Hotel Methuselah @ Summerhall
A window into a soul
Blurring the lines between theatre, film and visual art, Imitating the dog and Pete Brooks' Hotel Methuselah is an unconventional masterpiece.
The acting space is limited to a narrow box, so that the performers are only visible from the neck to the knees as if in dodgy widescreen. Around and behind them, a screen shows classic black and white film of faces directly corresponding to the action.
Perception is skewed, both in terms of angle and depth, with scenes quite literally turned on their heads and doors racing towards you along corridors. Despite the piece's technical sophistication and convincing poise, it takes too much effort to tear our eyes away from the faces in the film, meaning that subtle moments of gesture are easily missed.
As bombs fall in the distance, thugs patrol the corridors, and guests sob in their rooms. The hotel's night porter passively encounters the various characters that come through the front door. Everyone presents Harry with their baggage, but none have more than this porter himself.
The setting is not incidental; the anonymity and loneliness you can feel in a hotel is like no other. At the mercy of sexual aggression from intimidating men and women alike, and failing to connect with the one person he needs to, Harry's isolation is evident. However, once the novelty of the staging has worn off, the staid demeanours and stiff upper lips of the characters fail to imbue the piece with any vibrancy and it drags its way predictably towards the revelation.

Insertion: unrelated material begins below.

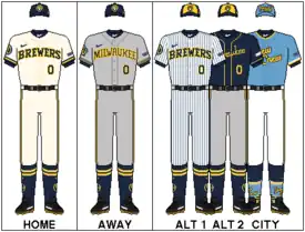 The set included a cream home uniform with "Brewers" and numbers in stylized block letters (a nod to Milwaukee's "Cream City" nickname), a home alternate pinstriped white uniform which shares the same features as the cream uniforms, a grey road uniform with "Milwaukee" and numbers in stylized block letters, and a road alternate navy uniform with "Milwaukee" in script letters and numbers in stylized block letters. The home sleeve patch features a navy baseball with stylized barley seams, while the road sleeve patch features the gold Wisconsin map with Cream City bricks and a baseball to represent Milwaukee's location. Initially, the gold-paneled navy cap was only used with the navy alternate uniform whereas the other uniforms were paired with the all-navy cap. However, beginning in 2022, the alternate gold-paneled cap was used exclusively on the road, with the all-navy cap worn only on home games. Both designs have the modernized "ball-in-glove" logo in front.[13]

Both the staging and narrative force the audience to confront Harry's nightmare along with him. The action repeats over and over, capturing the tediousness of the night shift, of amnesia, of life. Yet while this production is an interesting marriage of classic design and contemporary multimedia performance, this frustration seeps into the drama, and ultimately the substance is not able to triumph over the style.